The present invention, the ONYCHOLASER.TM., relates generally to surgical instruments and more specifically to laser microsurgical instruments for use in cutting holes or making photo decomposition (photo etchings) in tissues or membranes, especially the fingernails and toenails.
Prior to the ONYCHOLASER.TM.--a microsurgical laser unit, when the need arose to make holes in fingernails or toenails, they were produced with a mechanical drill or with a heated wire for burning a hole. Drilling or burning of holes is standard treatment for conditions, such as traumatic subungual hematoma (blood collections under the nail after trauma).
Onychomycosis, which affects 8.4% of the population, is a persistent fungal infection of the toenails or fingernails that is unsightly and can affect a patient's quality of life. The fungus grows on the underside of the nail, causing the nail to crack, become brittle, and eventually separate from the nail bed (onycholysis). The condition is worsened in persons who have diabetes or are HIV positive, and is also worsened in many occupational pursuits involving water, moisture or chemicals.
Pharmacological treatment of onychomycosis has been less than optimal, having significant adverse reactions, such as liver or bone destruction. In many cases, a medication must be given for one year or more to be effective, with required blood sample monitoring for adverse affects. Reinfection commonly occurs on discontinuing the medication. Newer medications have shortened the treatment period, but the cost is very expensive.
U.S. Pat. No. 4,180,058 to Brem, 1979, detailed a method of treating pathological conditions of the nail in which holes were manually drilled and widened with acid. Topical antifungals were applied. This method did not gain popular professional use.
The ONYCHOLASER.TM.--a microsurgical laser unit relates to laser devices, more particularly an apparatus and method of generating controlled multiple laser pulses to treat nail fungal infections.
The cost and reliability of laser systems have improved thereby increasing the applications for such lasers. Accurate, sealed, and permanently aligned components as in U.S. Pat. No. 4,525,842 to Myers, 1985 improved availability. Also, the concept of substances being applied to the tissue before or during the treatment, these substances being absorbent in the range of the wavelength of the laser beam for increasing absorption as in U.S. Pat. No. 5,123,902, to Muller, 1992, and as in U.S. Pat. No. 5,281,141 to Kowalyk, 1994. Surgical procedures on biological tissue may be carried out with the aid of a laser with substances being applied to the tissue before or during the treatment and these substances are absorbent in the range of the wavelength of the laser beam.
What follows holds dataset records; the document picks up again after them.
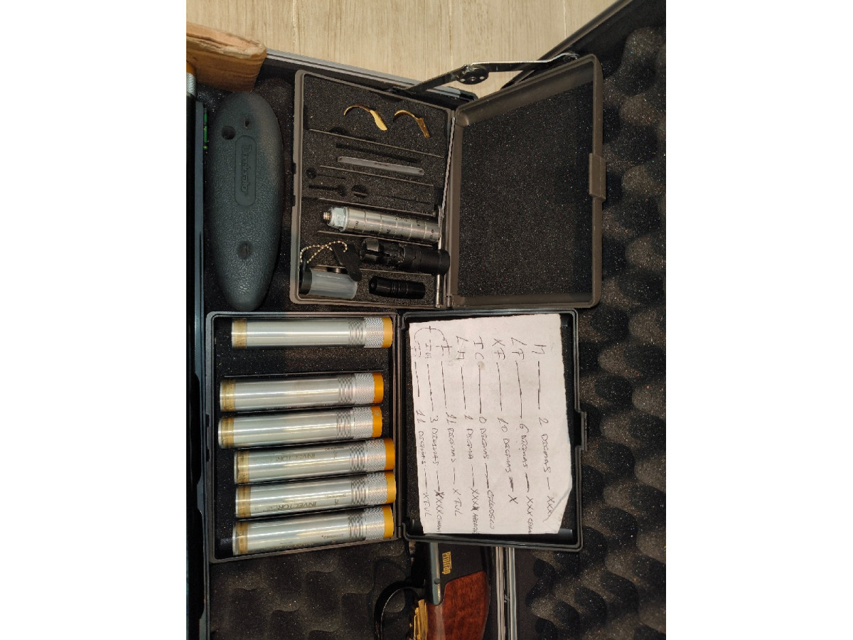 Vendo escopeta Browning 725 en perfecto estado. Vendo por no usar. Preciosa escopeta superpuesta de 75 cm de cañón. Culata regulable. Maderas en perfecto estado, muy bonitas. Cañón y báscula de acero negro en perfecto estado. Selector de tiro. Colección de 10 polichoques. Contrapesos de culata y cañón. Gatillos de repuesto. Maletín de transporte tal como foto.
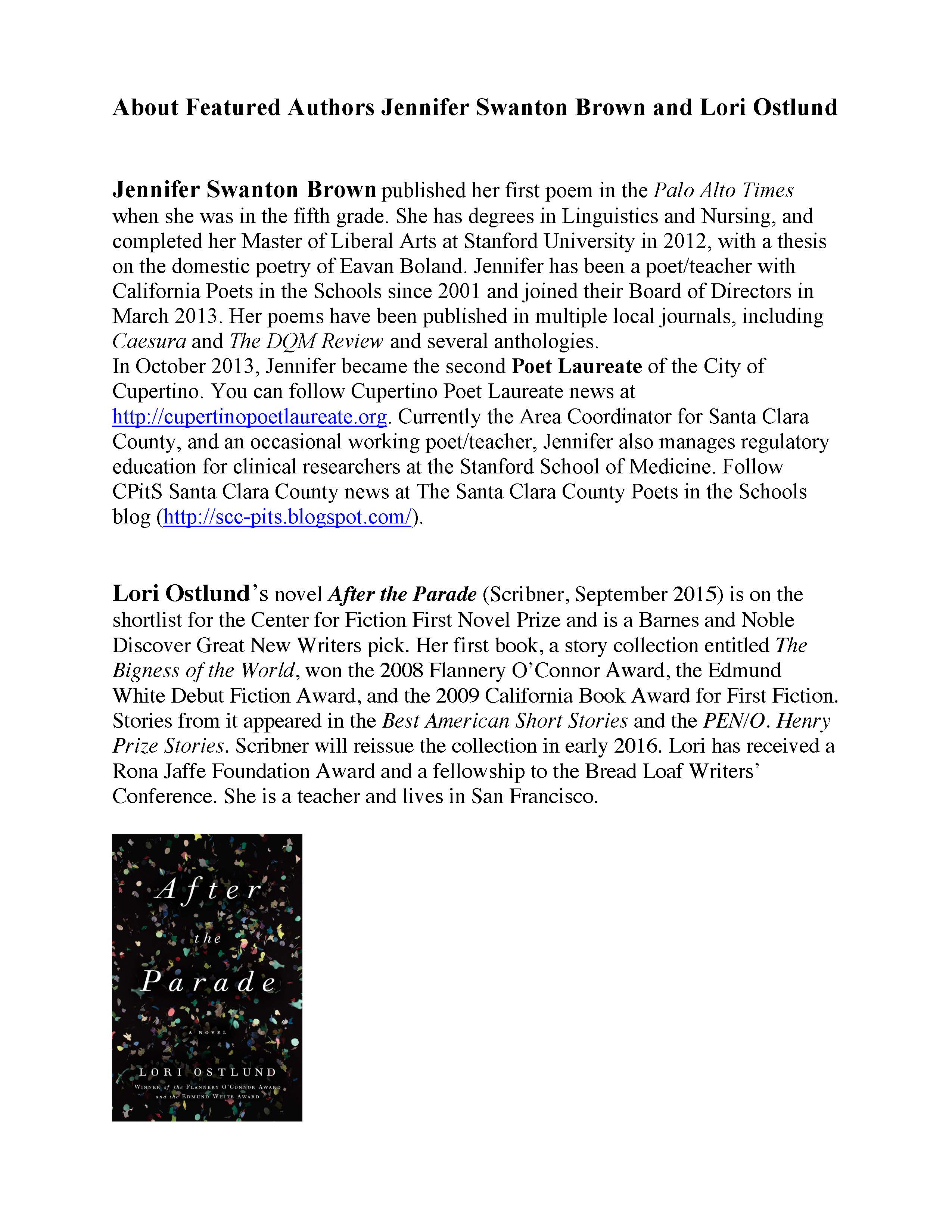 Friday I attended a lovely reading of Peninsula Literary, a quarterly reading in Palo Alto. Here’s a bit of background: “Carrie Harper Hechtman has been a curator at Peninsula Literary for six years. Her poetry appeared recently Meridian and is forthcoming in Denver Quarterly. She holds an MFA from University of San Francisco.” The readings take place in the fine Palo Alto art gallery, Gallery House, amidst paintings by Maura Carta and ceramics by Thomas Arakawa. It’s a great place for a reading and the format is welcoming and comfortable.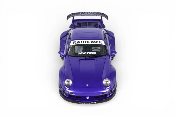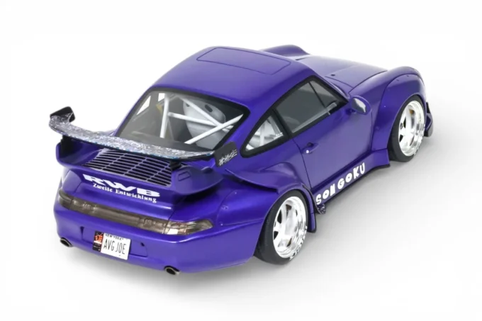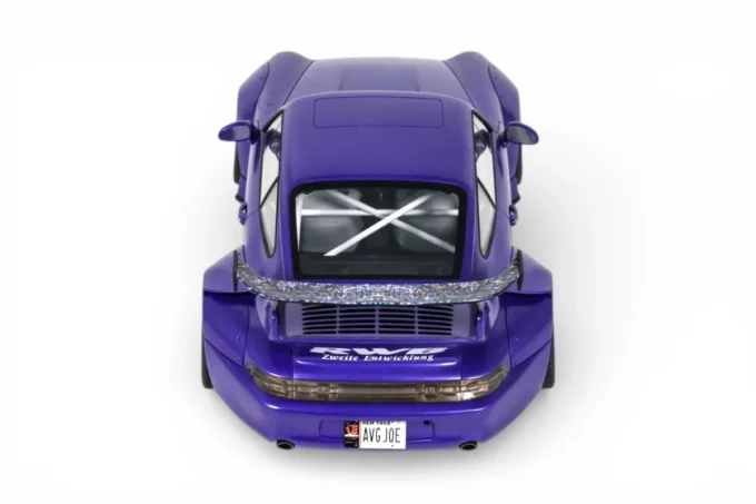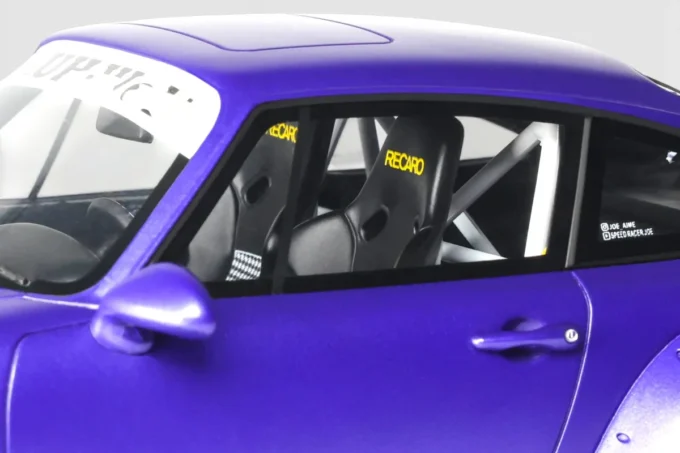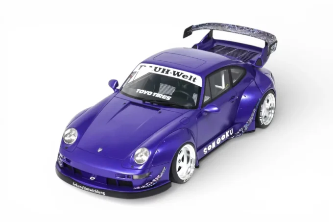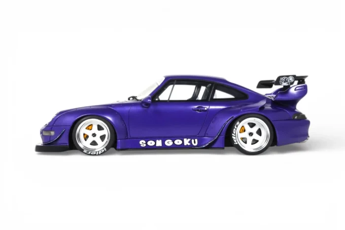 This 1:18 scale RWB Son Goku Porsche 911 is reproduced by GT Spirit in resin and finished in purple. RWB (Rauh-Welt Begriff) is the Japanese workshop of Akira Nakai, known for its hand-shaped and fitted flared body kits based on the Porsche 911. Son Goku, the central character of Dragon Ball, lends his name to this creation in 2024. Limited edition model, mounted on a base.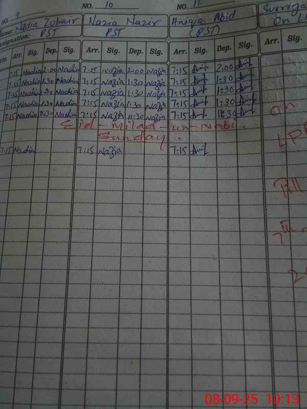 | CNIC | Full Name | Designation | R/C | Absence During Last Calender Month |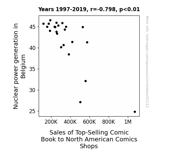 This means 63.7% of the change in the one variable (i.e., Sales of Top-Selling Comic Book to North American Comics Shops) is predictable based on the change in the other (i.e., Nuclear power generation in Belgium) over the 23 years from 1997 through 2019.

Tissue removal with pulsed lasers at the eye is also the subject matter of
U.S. Pat. Nos. 4,686,979 to Gruen, 1987, and 4,744,360 to Bath, 1988. U.S. Pat. No. 5,374,266 to Kataoka, 1994, provides a medical laser treatment device capable of irradiating a laser beam from the leading end of the hand piece. Also, U.S. Pat. No. 5,391,165 to Fountain, 1995, shows a laser beam delivery system whereby steering and scanning of the laser beam is accomplished in a mechanically simple and fast-responding manner. A laser skin perforator, U.S. Pat. No. 5,554,153, issued to Costello, 1996, allows blood letting.
There are several types of commercially available lasers, including argon, ruby, carbon dioxide, krypton and neodymium doped glass end YAG laser rods. YAG lasers may be preferred in certain medical applications and scientific applications because the YAG laser easily produces a short energy pulse with a high peak power.